* **Provided records**

*****

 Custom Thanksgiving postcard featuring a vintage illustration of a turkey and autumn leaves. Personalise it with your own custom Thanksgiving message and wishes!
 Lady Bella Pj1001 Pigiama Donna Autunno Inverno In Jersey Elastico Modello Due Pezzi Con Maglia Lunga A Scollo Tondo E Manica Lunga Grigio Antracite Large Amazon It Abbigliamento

*****

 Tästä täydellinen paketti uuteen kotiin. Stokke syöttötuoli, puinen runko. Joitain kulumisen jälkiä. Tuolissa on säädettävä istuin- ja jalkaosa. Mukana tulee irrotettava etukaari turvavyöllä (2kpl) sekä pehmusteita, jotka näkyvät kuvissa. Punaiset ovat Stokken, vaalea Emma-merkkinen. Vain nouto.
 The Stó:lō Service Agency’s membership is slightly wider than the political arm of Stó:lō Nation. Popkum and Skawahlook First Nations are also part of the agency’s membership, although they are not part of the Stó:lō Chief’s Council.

*****

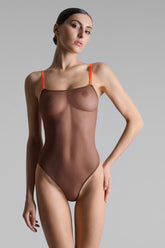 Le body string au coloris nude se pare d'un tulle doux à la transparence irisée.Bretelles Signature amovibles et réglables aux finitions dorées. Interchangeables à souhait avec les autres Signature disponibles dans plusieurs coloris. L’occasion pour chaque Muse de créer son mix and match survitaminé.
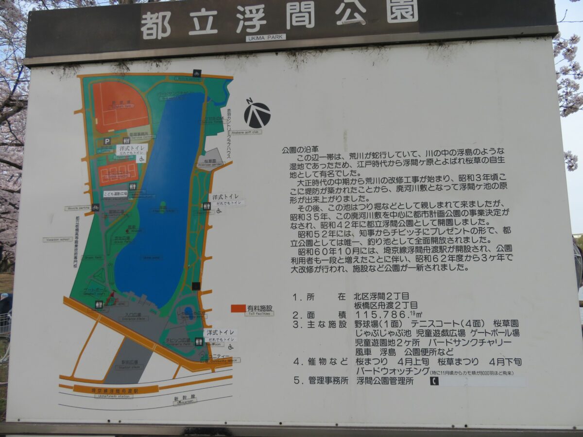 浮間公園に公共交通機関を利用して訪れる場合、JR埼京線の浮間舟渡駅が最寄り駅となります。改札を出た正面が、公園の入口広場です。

*****

* **What to produce**
Only those lines of the entries above that run from the line containing "Custom Thanksgiving postcard" to the line containing "Lady Bella Pj1001", both included, should be transcribed exactly.

* **Answer to the problem**
 Custom Thanksgiving postcard featuring a vintage illustration of a turkey and autumn leaves. Personalise it with your own custom Thanksgiving message and wishes!
 Lady Bella Pj1001 Pigiama Donna Autunno Inverno In Jersey Elastico Modello Due Pezzi Con Maglia Lunga A Scollo Tondo E Manica Lunga Grigio Antracite Large Amazon It Abbigliamento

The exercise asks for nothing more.